LEARN THE SKILLS OF DECISION-MAKING
The classical virtues are all decision-making heuristics to make one optimize for the long term rather than for the short term. [11]
Self-serving conclusions should have a higher bar.
I do view a lot of my goals over the next few years of unconditioning previous learned responses or habituated responses, so I can make decisions more cleanly in the moment without relying on memory or prepackaged heuristics and judgments. [4]
Almost all biases are time-saving heuristics. For important decisions, discard memory and identity, and focus on the problem.
Radical honesty just means I want to be free. Part of being free means I can say what I think and think what I say. They’re highly congruent and integrated. Theoretical physicist Richard Feynman famously said, “You should never, ever fool anybody, and you are the easiest person to fool.” The moment you tell somebody something dishonest, you’ve lied to yourself. Then you’ll start believing your own lie, which will disconnect you from reality and take you down the wrong road.
I never ask if “I like it” or “I don’t like it.” I think “this is what it is” or “this is what it isn’t.”
— Richard Feynman
It’s really important for me to be honest. I don’t go out of my way volunteering negative or nasty things. I would combine radical honesty with an old rule Warren Buffett has, which is praise specifically, criticize generally. I try to follow this. I don’t always follow it, but I think I follow it enough to have made a difference in my life.

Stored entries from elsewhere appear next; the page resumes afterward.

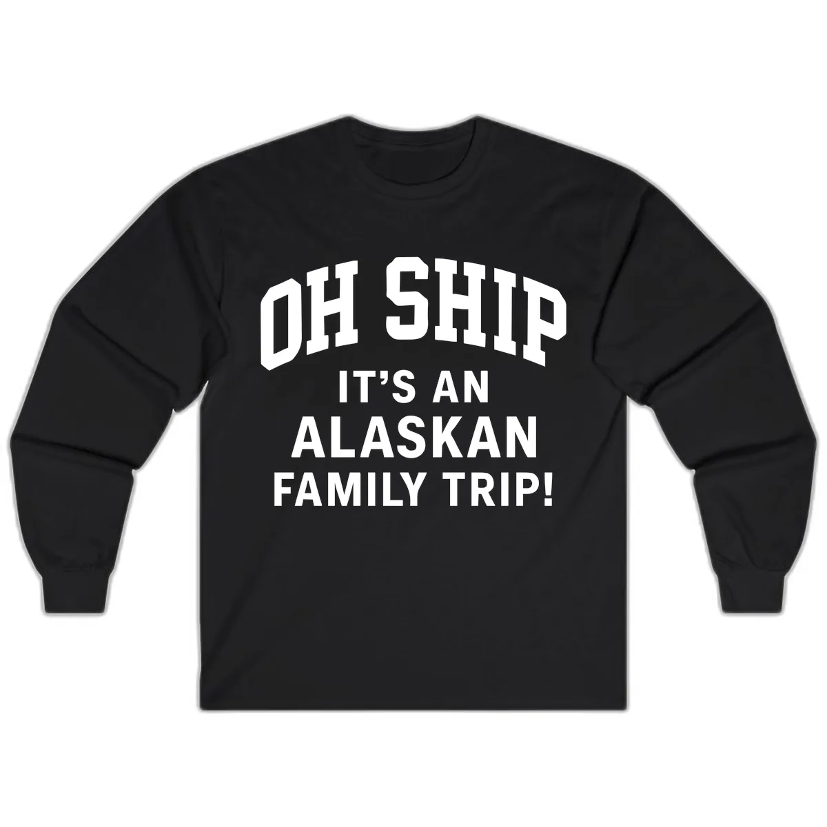 The bold 'OH SHIP' lettering with its 3D-style perspective and the accompanying text 'IT'S AN ALASKAN FAMILY TRIP!' are printed clearly on the long sleeve. The design's clean typography looks great on this style, perfect for your cruise.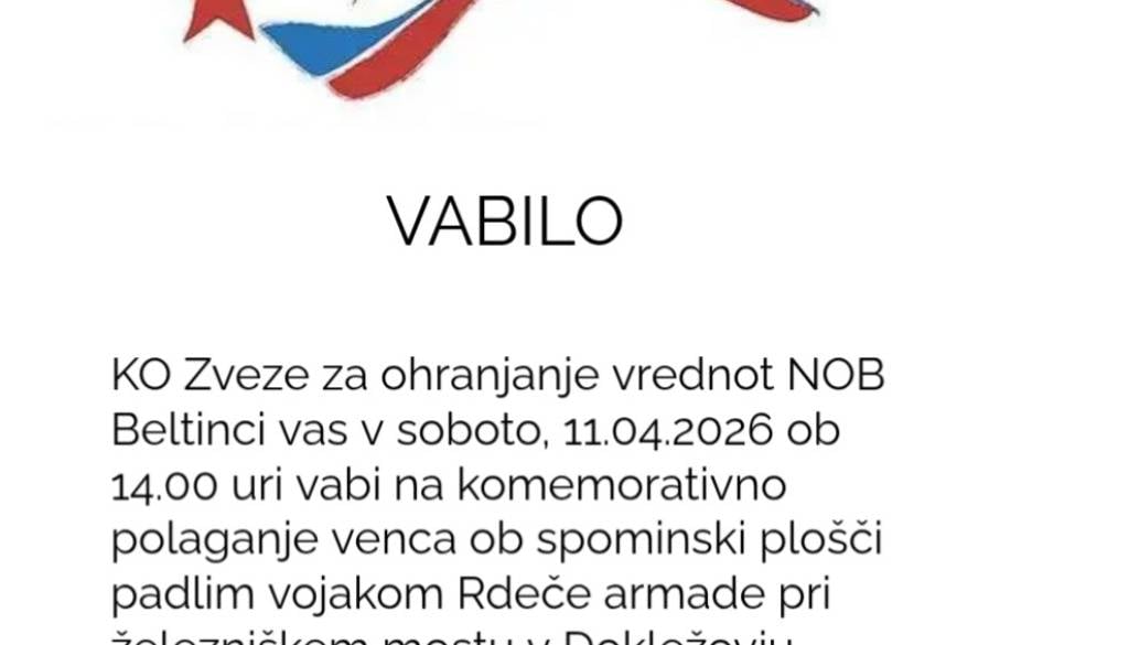 Železniški most, DokležovjeKO Zveze za ohranjanje vrednot NOB Beltinci vas v soboto, 11.4.2026 ob 14.00 uri vabi na komemorativno polaganje venca ob spominski plošči padlim vojakom Rdeče armade pri železniškem mostu v Dokležovju.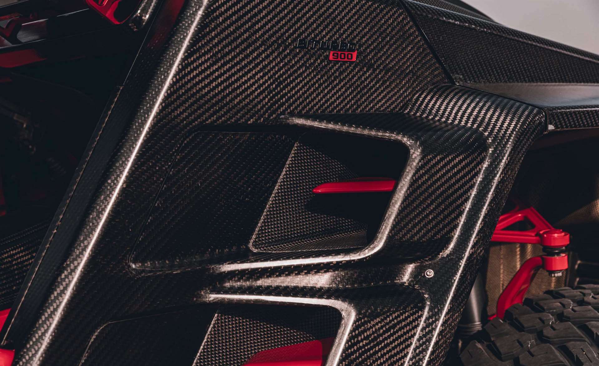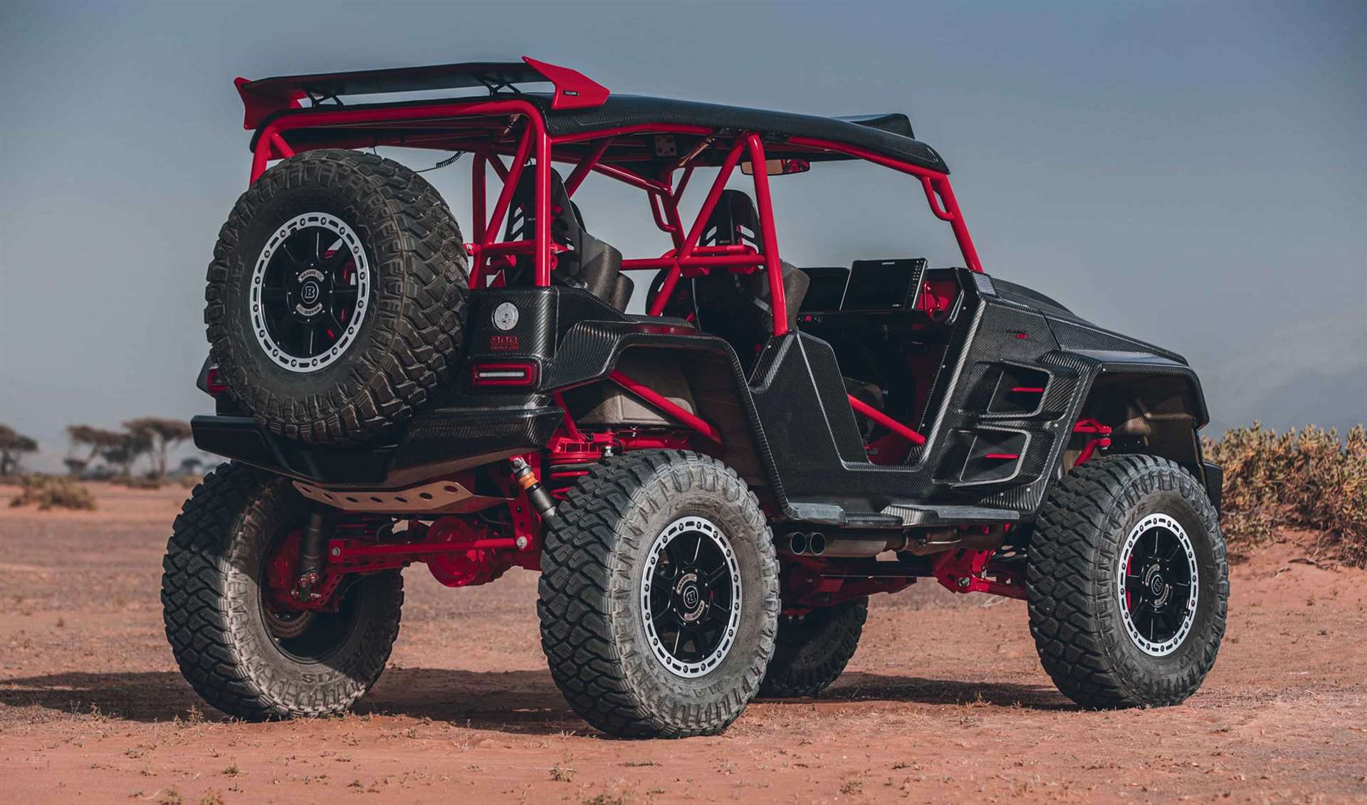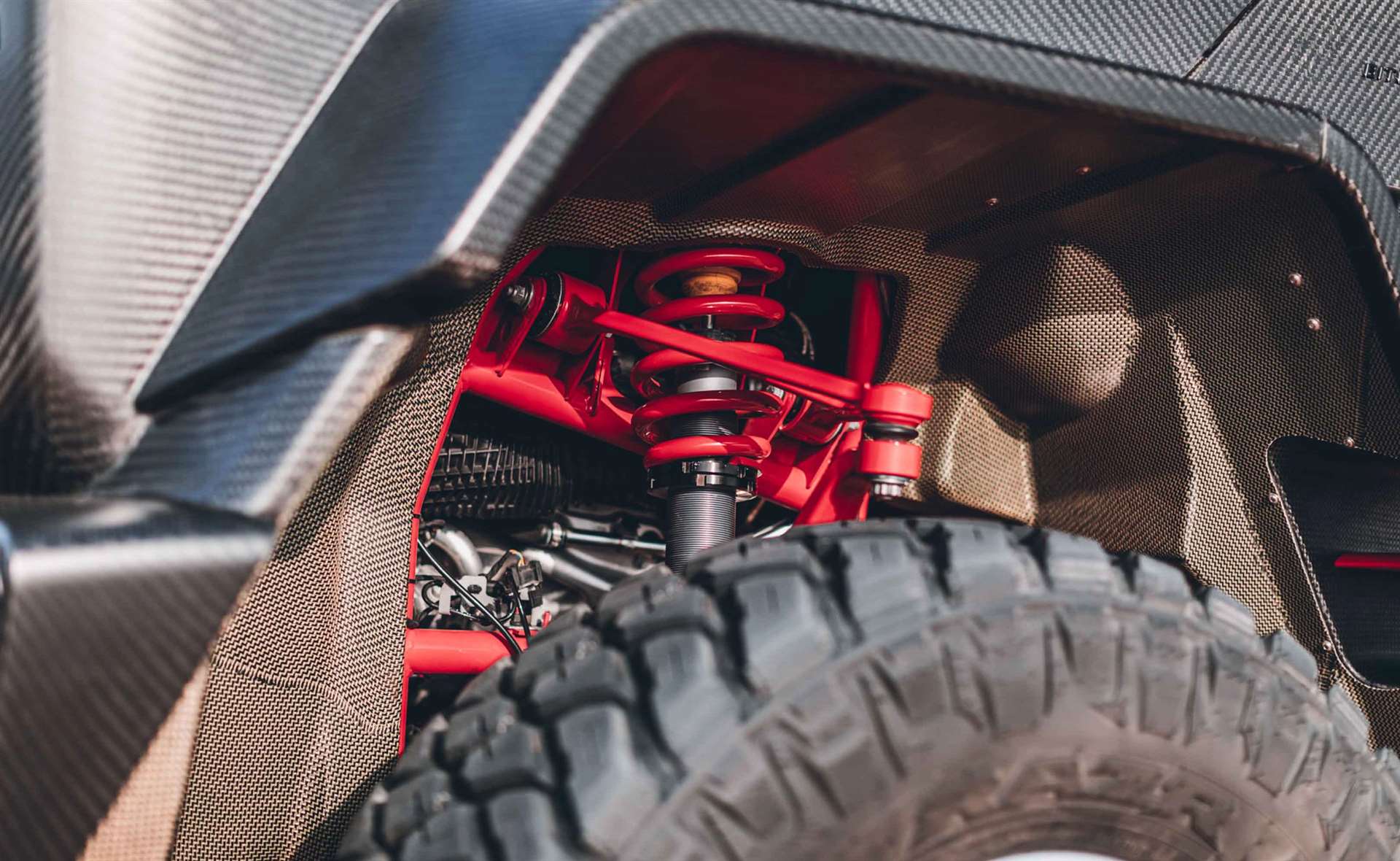 التصميم الخارجي خفيف ولاذع، بفضل هياكل من ألياف الكربون المكشوفة بالكامل، بدون أي أبواب أو نوافذ. نعم، لا أبواب ولا شبابيك! هيكل أنبوبي مفتوح كما في سيارات السباق على الطرق الوعرة، مجهز لحماية السائق والركّاب من أقسى الظروف وأخطر التضاريس.

If you have a criticism of someone, then don’t criticize the person—criticize the general approach or criticize the class of activities. If you have to praise somebody, then always try and find the person who is the best example of what you’re praising and praise the person, specifically. Then people’s egos and identities, which we all have, don’t work against you. They work for you. [4]
Any advice on developing capacity for instinctual blunt honesty?
Tell everyone. Start now. It doesn’t have to be blunt. Charisma is the ability to project confidence and love at the same time. It’s almost always possible to be honest and positive. [71]
As an investor and CEO of AngelList, you’re paid to be right when other people are wrong. Do you have a process around how you make decisions?
Yes. Decision-making is everything. In fact, someone who makes decisions right 80 percent of the time instead of 70 percent of the time will be valued and compensated in the market hundreds of times more.
I think people have a hard time understanding a fundamental fact of leverage. If I manage $1 billion and I’m right 10 percent more often than somebody else, my decision-making creates $100 million worth of value on a judgment call. With modern technology and large workforces and capital, our decisions are leveraged more and more.
If you can be more right and more rational, you’re going to get nonlinear returns in your life. I love the blog Farnam Street because it really focuses on helping you be more accurate, an overall better decision-maker. Decision-making is everything. [4]
The more you know, the less you diversify.